The pictures stay out. Please retype every line below exactly.
══ Exercise input ══
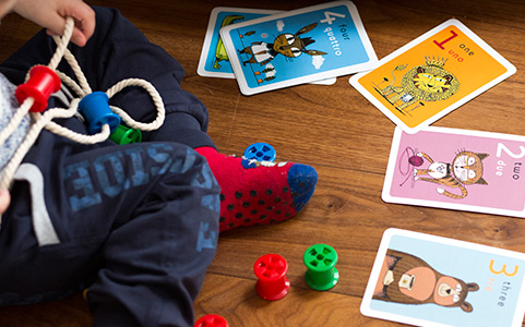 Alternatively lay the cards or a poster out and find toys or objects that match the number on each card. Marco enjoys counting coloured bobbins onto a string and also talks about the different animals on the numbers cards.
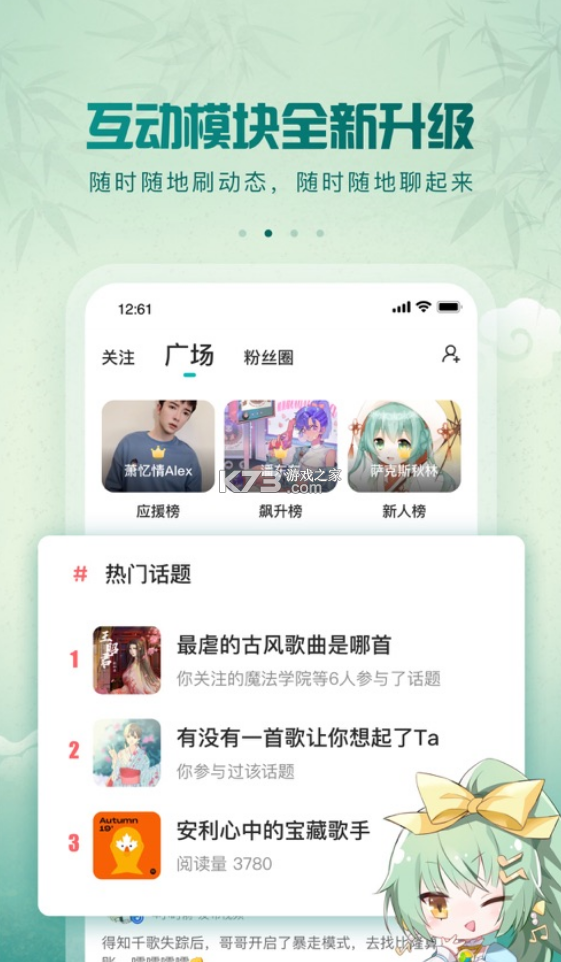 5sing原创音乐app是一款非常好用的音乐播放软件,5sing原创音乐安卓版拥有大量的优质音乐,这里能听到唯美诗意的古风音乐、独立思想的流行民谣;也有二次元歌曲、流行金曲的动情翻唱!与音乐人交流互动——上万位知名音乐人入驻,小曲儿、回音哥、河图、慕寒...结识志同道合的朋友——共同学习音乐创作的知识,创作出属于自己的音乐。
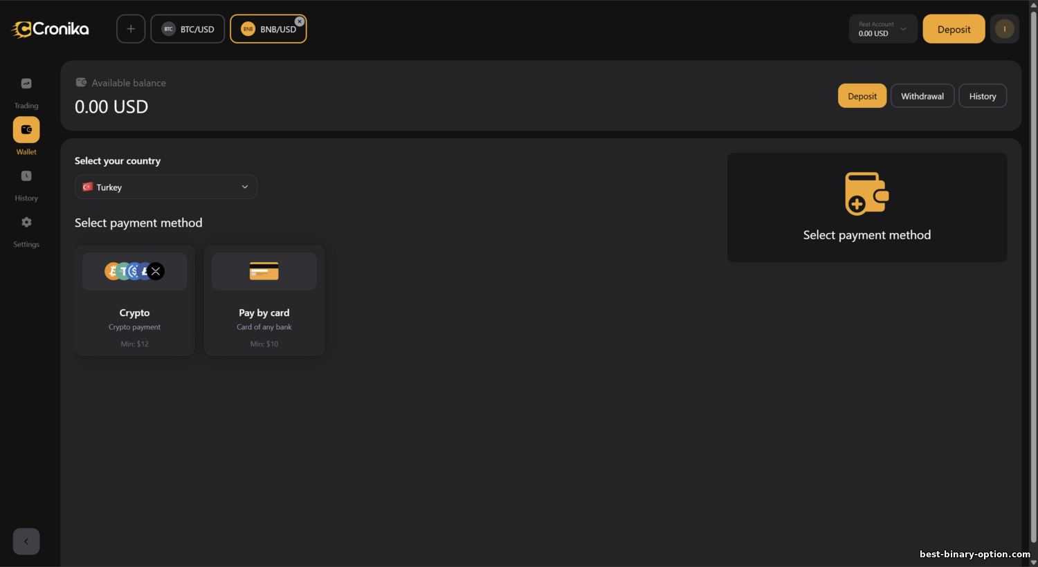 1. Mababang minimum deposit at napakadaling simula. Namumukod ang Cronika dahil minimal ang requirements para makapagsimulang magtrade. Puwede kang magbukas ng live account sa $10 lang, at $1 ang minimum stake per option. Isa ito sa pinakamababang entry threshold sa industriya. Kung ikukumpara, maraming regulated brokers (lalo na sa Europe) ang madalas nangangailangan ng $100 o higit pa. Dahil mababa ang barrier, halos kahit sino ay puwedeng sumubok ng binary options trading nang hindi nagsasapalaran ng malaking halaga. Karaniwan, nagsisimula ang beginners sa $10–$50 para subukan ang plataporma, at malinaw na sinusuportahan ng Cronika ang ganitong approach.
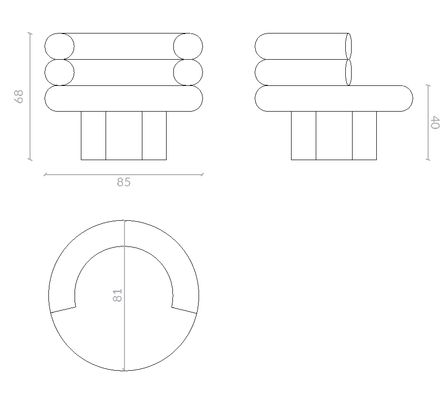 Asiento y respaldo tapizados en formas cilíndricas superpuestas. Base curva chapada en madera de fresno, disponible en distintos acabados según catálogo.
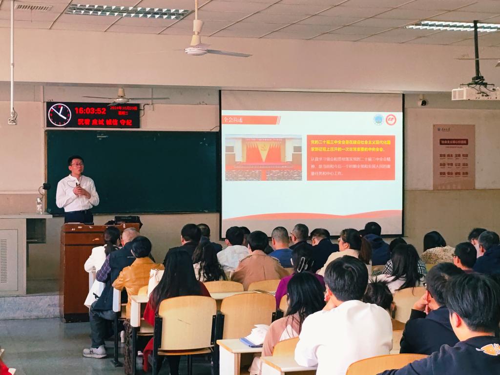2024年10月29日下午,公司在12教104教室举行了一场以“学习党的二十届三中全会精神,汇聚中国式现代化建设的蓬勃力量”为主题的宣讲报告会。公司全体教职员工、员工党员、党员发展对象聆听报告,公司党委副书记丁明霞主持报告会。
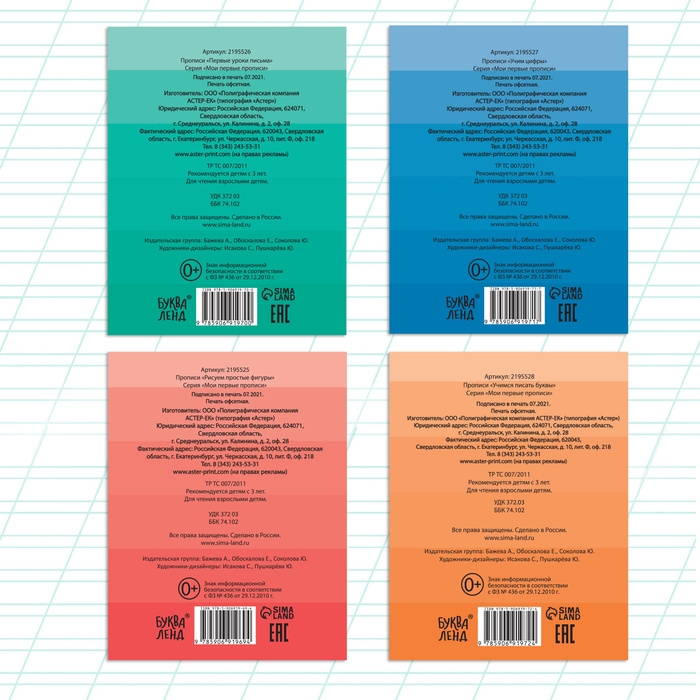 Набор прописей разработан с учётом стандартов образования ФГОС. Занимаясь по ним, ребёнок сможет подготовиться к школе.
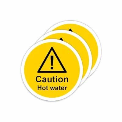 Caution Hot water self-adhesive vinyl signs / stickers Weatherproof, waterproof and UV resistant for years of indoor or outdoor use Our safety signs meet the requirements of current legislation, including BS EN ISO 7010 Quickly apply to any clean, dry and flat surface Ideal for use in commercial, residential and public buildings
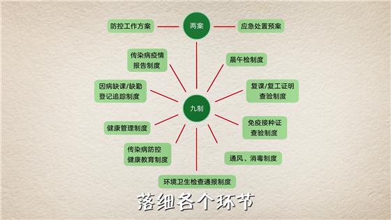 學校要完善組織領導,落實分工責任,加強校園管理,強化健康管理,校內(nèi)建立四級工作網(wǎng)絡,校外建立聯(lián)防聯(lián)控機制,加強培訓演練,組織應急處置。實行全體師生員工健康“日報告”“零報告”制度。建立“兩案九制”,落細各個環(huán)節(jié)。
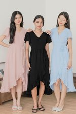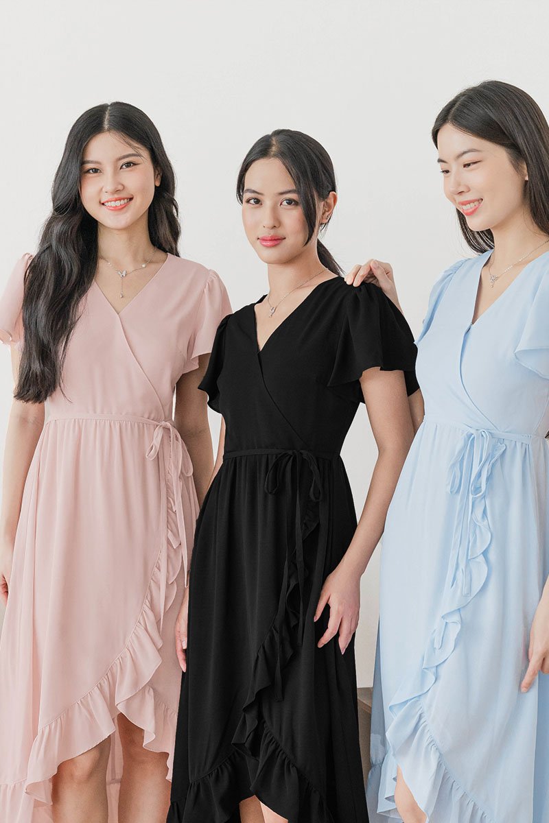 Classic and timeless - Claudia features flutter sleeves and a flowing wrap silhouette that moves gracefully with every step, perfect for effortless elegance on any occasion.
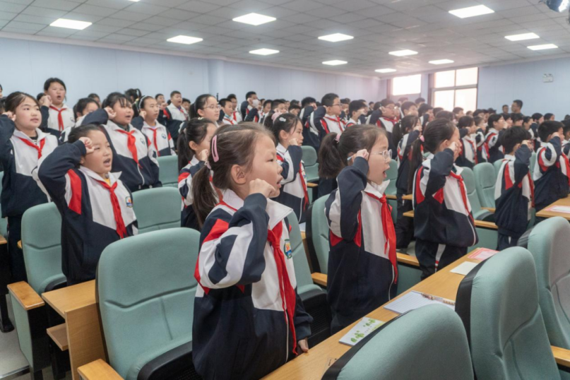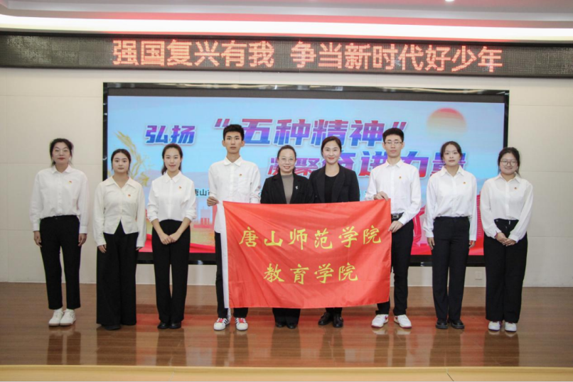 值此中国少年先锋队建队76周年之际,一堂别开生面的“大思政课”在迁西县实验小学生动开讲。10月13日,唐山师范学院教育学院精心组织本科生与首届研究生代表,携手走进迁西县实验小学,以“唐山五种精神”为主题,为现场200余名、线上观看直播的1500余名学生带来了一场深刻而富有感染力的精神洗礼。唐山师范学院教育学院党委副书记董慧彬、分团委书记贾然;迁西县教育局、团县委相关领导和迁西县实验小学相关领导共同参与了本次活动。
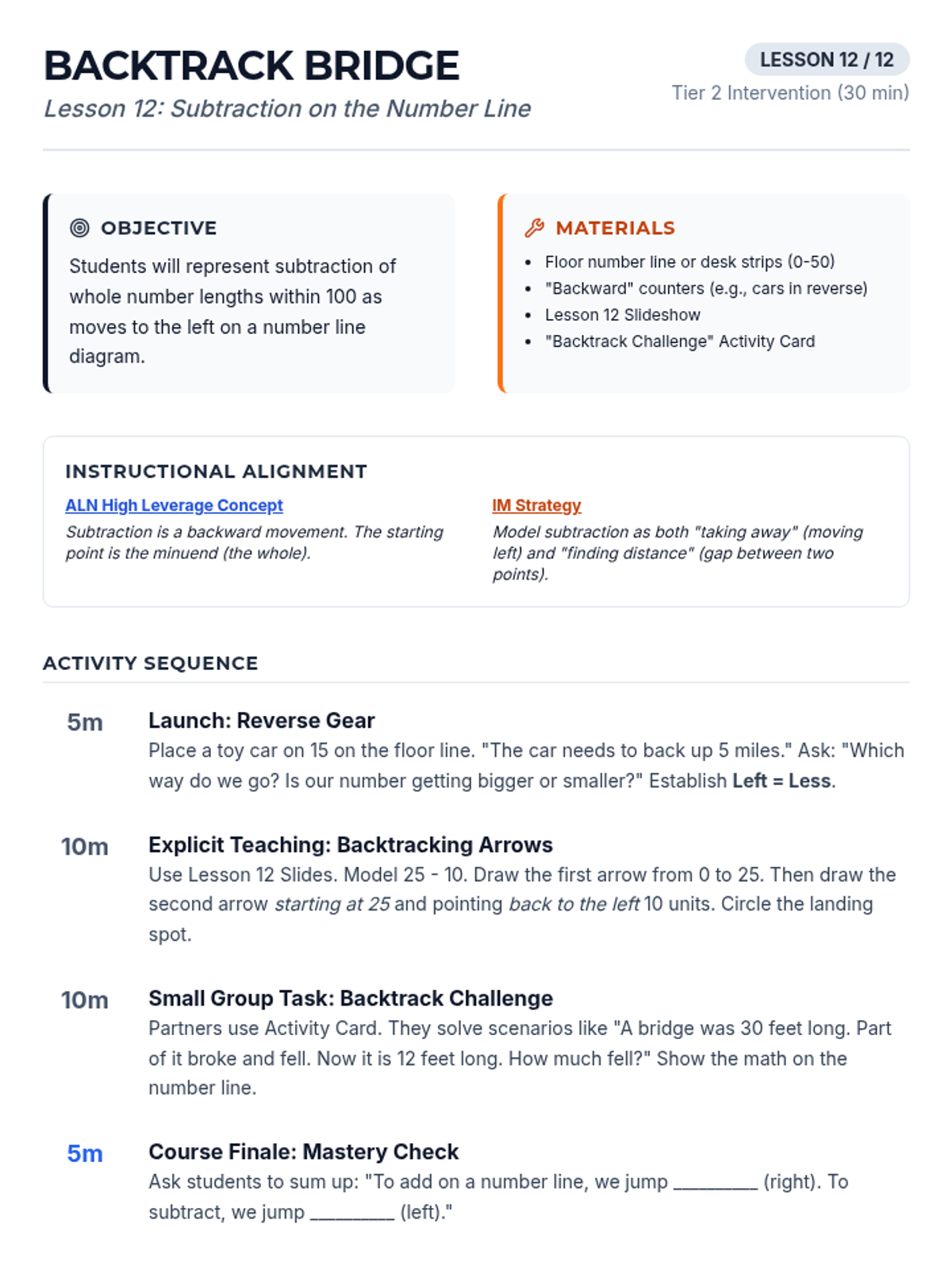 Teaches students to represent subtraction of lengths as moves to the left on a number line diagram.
═══
» **Solution below**
 Alternatively lay the cards or a poster out and find toys or objects that match the number on each card. Marco enjoys counting coloured bobbins onto a string and also talks about the different animals on the numbers cards.
 5sing原创音乐app是一款非常好用的音乐播放软件,5sing原创音乐安卓版拥有大量的优质音乐,这里能听到唯美诗意的古风音乐、独立思想的流行民谣;也有二次元歌曲、流行金曲的动情翻唱!与音乐人交流互动——上万位知名音乐人入驻,小曲儿、回音哥、河图、慕寒...结识志同道合的朋友——共同学习音乐创作的知识,创作出属于自己的音乐。
 1. Mababang minimum deposit at napakadaling simula. Namumukod ang Cronika dahil minimal ang requirements para makapagsimulang magtrade. Puwede kang magbukas ng live account sa $10 lang, at $1 ang minimum stake per option. Isa ito sa pinakamababang entry threshold sa industriya. Kung ikukumpara, maraming regulated brokers (lalo na sa Europe) ang madalas nangangailangan ng $100 o higit pa. Dahil mababa ang barrier, halos kahit sino ay puwedeng sumubok ng binary options trading nang hindi nagsasapalaran ng malaking halaga. Karaniwan, nagsisimula ang beginners sa $10–$50 para subukan ang plataporma, at malinaw na sinusuportahan ng Cronika ang ganitong approach.
 Asiento y respaldo tapizados en formas cilíndricas superpuestas. Base curva chapada en madera de fresno, disponible en distintos acabados según catálogo.
2024年10月29日下午,公司在12教104教室举行了一场以“学习党的二十届三中全会精神,汇聚中国式现代化建设的蓬勃力量”为主题的宣讲报告会。公司全体教职员工、员工党员、党员发展对象聆听报告,公司党委副书记丁明霞主持报告会。
 Набор прописей разработан с учётом стандартов образования ФГОС. Занимаясь по ним, ребёнок сможет подготовиться к школе.
 Caution Hot water self-adhesive vinyl signs / stickers Weatherproof, waterproof and UV resistant for years of indoor or outdoor use Our safety signs meet the requirements of current legislation, including BS EN ISO 7010 Quickly apply to any clean, dry and flat surface Ideal for use in commercial, residential and public buildings
 學校要完善組織領導,落實分工責任,加強校園管理,強化健康管理,校內(nèi)建立四級工作網(wǎng)絡,校外建立聯(lián)防聯(lián)控機制,加強培訓演練,組織應急處置。實行全體師生員工健康“日報告”“零報告”制度。建立“兩案九制”,落細各個環(huán)節(jié)。
 Classic and timeless - Claudia features flutter sleeves and a flowing wrap silhouette that moves gracefully with every step, perfect for effortless elegance on any occasion.
 值此中国少年先锋队建队76周年之际,一堂别开生面的“大思政课”在迁西县实验小学生动开讲。10月13日,唐山师范学院教育学院精心组织本科生与首届研究生代表,携手走进迁西县实验小学,以“唐山五种精神”为主题,为现场200余名、线上观看直播的1500余名学生带来了一场深刻而富有感染力的精神洗礼。唐山师范学院教育学院党委副书记董慧彬、分团委书记贾然;迁西县教育局、团县委相关领导和迁西县实验小学相关领导共同参与了本次活动。
 Teaches students to represent subtraction of lengths as moves to the left on a number line diagram.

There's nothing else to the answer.